Looking at the listing below, retype exactly the lines starting at the one containing "Because I hit" and ending at the one containing "这个名为Figure 01的", both included, and nothing else.

__Material supplied__:
+ + + + +
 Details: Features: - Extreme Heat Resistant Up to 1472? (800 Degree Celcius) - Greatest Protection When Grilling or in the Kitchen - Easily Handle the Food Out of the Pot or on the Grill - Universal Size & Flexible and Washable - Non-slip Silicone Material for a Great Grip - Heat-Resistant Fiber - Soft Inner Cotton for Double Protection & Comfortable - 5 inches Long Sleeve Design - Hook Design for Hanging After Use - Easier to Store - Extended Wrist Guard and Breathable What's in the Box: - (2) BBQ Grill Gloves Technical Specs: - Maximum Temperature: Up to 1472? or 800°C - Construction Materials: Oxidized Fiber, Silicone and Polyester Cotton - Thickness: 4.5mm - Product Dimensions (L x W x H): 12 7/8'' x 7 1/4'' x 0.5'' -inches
+ + + + +
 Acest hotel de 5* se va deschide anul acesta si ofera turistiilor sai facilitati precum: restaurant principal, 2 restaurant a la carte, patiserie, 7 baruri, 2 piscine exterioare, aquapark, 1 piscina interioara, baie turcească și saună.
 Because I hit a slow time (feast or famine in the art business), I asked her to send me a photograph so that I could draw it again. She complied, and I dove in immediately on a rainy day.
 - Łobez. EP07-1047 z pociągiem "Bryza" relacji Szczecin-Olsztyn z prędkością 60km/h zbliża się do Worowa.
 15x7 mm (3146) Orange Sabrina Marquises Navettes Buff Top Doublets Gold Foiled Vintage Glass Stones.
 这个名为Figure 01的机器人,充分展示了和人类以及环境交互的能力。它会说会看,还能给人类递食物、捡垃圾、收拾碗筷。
+ + + + +
__Answer section__:
 Because I hit a slow time (feast or famine in the art business), I asked her to send me a photograph so that I could draw it again. She complied, and I dove in immediately on a rainy day.
 - Łobez. EP07-1047 z pociągiem "Bryza" relacji Szczecin-Olsztyn z prędkością 60km/h zbliża się do Worowa.
 15x7 mm (3146) Orange Sabrina Marquises Navettes Buff Top Doublets Gold Foiled Vintage Glass Stones.
 这个名为Figure 01的机器人,充分展示了和人类以及环境交互的能力。它会说会看,还能给人类递食物、捡垃圾、收拾碗筷。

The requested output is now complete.